:: Exercise instructions ::
Within the lines below, the span from the line with "que no aprieta." to the line with "(species) + \beta_2 (flipper\_len) \]", both ends included, is to be reproduced exactly, with pictures omitted.

(Extracted entries begins)

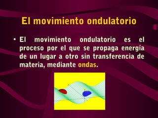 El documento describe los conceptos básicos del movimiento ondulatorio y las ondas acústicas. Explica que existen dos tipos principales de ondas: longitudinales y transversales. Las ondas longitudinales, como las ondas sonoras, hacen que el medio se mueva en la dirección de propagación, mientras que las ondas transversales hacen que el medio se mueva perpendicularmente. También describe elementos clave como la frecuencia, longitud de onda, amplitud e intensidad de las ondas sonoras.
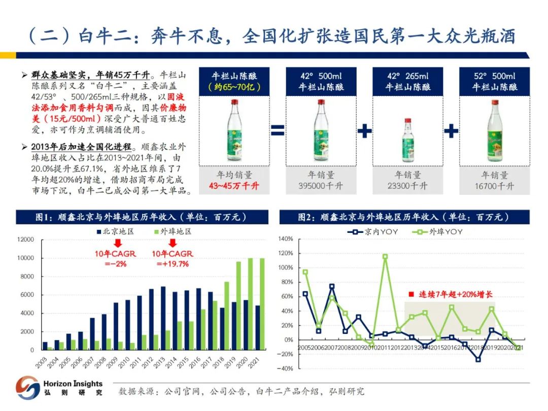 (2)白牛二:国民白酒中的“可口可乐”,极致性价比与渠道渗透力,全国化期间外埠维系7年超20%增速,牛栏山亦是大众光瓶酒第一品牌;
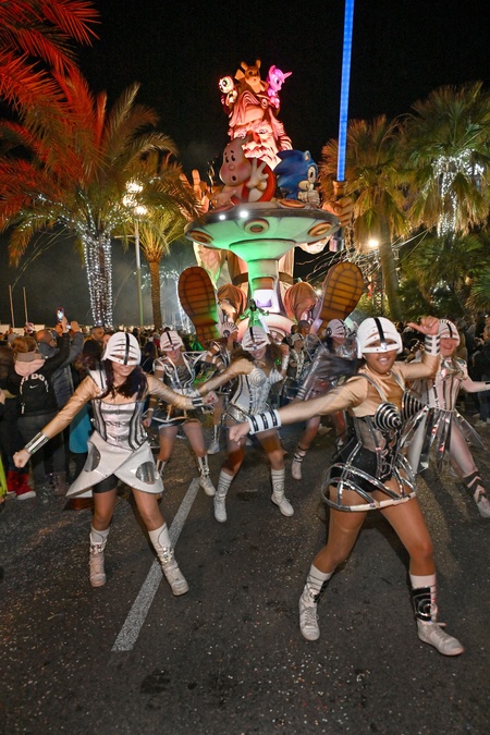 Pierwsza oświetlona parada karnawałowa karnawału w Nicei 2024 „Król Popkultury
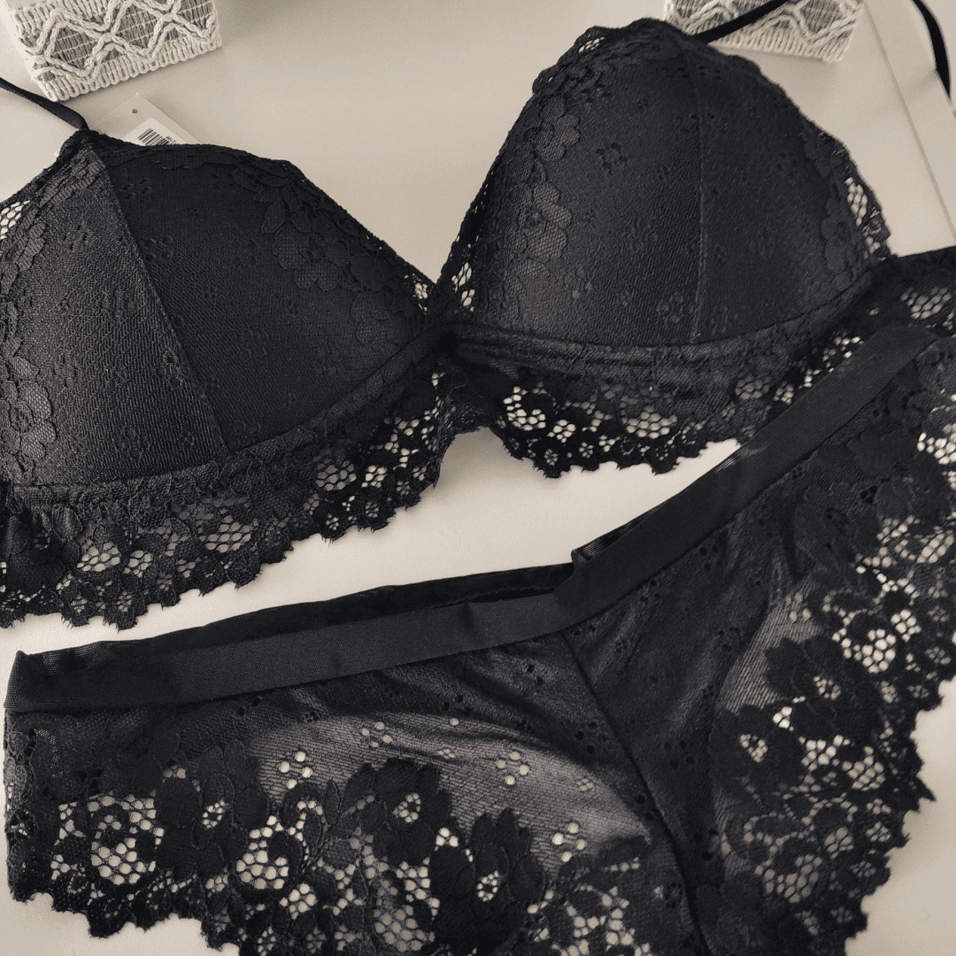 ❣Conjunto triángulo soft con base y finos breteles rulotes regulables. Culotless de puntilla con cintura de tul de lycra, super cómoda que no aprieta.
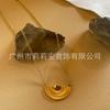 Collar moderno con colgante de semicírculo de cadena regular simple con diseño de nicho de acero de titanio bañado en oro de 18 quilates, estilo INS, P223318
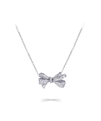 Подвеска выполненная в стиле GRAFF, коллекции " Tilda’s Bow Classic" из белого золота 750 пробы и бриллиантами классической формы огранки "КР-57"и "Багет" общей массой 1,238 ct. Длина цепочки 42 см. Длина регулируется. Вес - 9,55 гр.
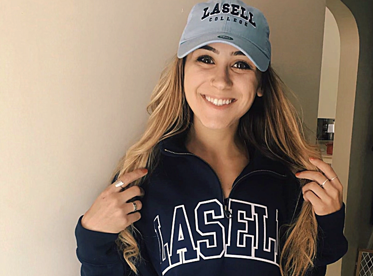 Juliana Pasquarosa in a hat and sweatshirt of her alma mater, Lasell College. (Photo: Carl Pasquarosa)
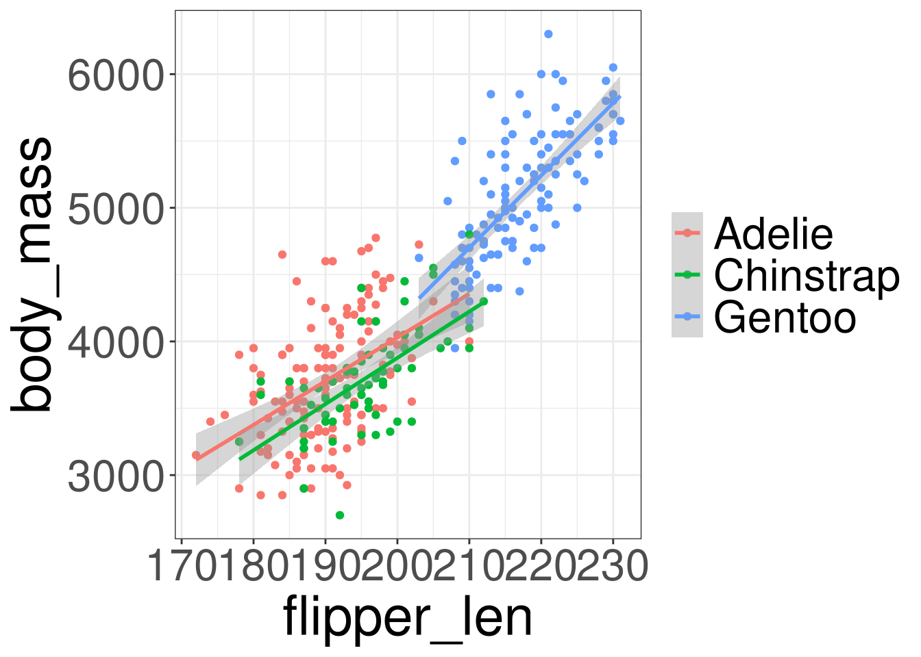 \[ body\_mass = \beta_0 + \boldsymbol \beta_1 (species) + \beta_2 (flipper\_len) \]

(Extracted entries ends)
(Extracted entries begins)

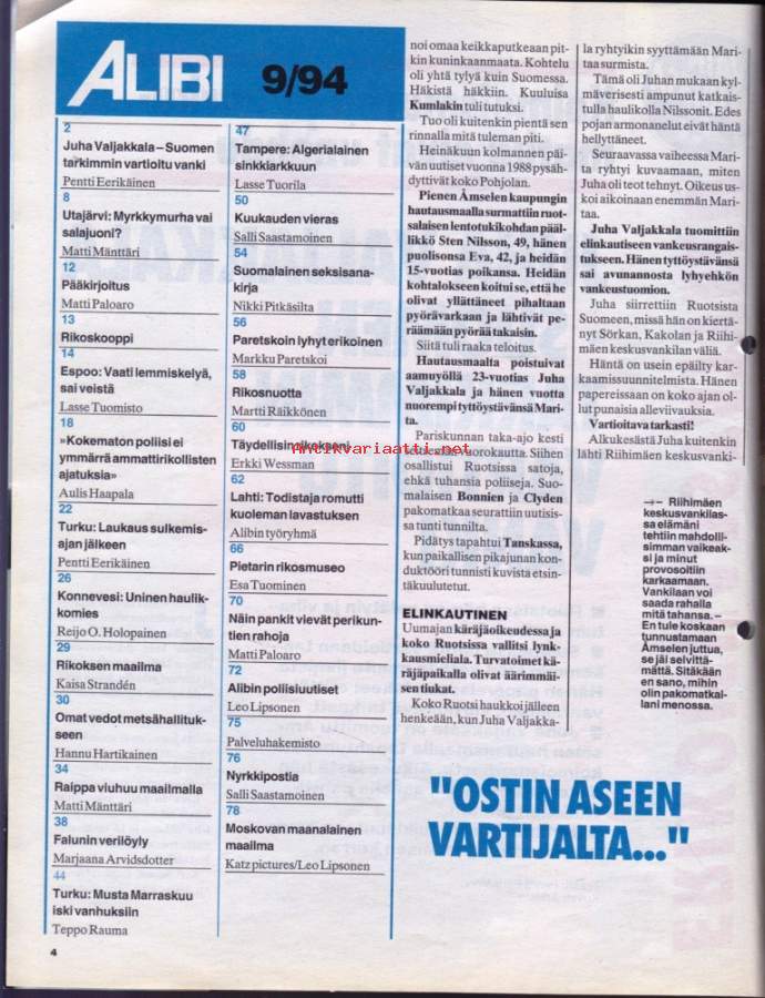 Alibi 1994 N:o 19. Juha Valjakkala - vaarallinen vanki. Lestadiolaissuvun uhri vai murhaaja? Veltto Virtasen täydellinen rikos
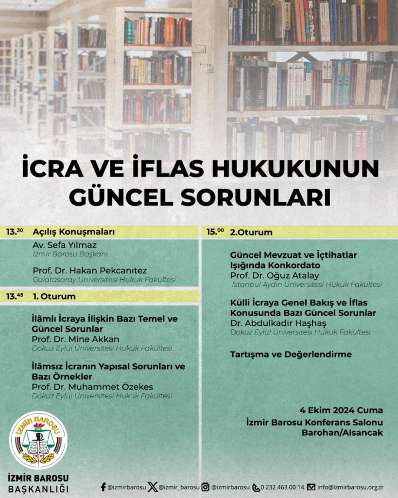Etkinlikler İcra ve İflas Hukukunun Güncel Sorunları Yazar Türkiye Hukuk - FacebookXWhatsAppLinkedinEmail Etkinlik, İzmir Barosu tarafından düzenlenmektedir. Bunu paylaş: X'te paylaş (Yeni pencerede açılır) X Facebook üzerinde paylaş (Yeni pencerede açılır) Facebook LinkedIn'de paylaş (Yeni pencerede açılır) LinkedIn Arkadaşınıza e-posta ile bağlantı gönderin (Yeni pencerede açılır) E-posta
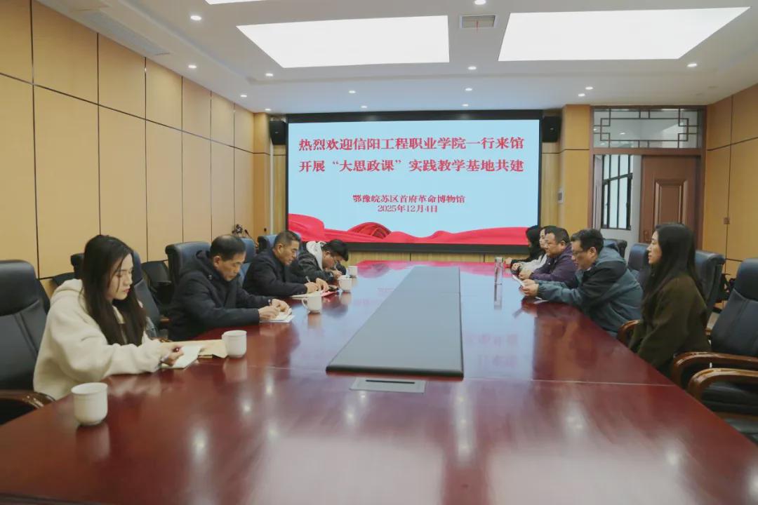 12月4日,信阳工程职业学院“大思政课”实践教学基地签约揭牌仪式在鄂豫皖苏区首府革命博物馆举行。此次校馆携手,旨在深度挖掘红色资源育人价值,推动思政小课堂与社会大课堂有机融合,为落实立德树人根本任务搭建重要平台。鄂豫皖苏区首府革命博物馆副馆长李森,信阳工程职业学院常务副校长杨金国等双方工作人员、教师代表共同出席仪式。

(Extracted entries ends)

:: Response for this exercise ::
 ❣Conjunto triángulo soft con base y finos breteles rulotes regulables. Culotless de puntilla con cintura de tul de lycra, super cómoda que no aprieta.
 Collar moderno con colgante de semicírculo de cadena regular simple con diseño de nicho de acero de titanio bañado en oro de 18 quilates, estilo INS, P223318
 Подвеска выполненная в стиле GRAFF, коллекции " Tilda’s Bow Classic" из белого золота 750 пробы и бриллиантами классической формы огранки "КР-57"и "Багет" общей массой 1,238 ct. Длина цепочки 42 см. Длина регулируется. Вес - 9,55 гр.
 Juliana Pasquarosa in a hat and sweatshirt of her alma mater, Lasell College. (Photo: Carl Pasquarosa)
 \[ body\_mass = \beta_0 + \boldsymbol \beta_1 (species) + \beta_2 (flipper\_len) \]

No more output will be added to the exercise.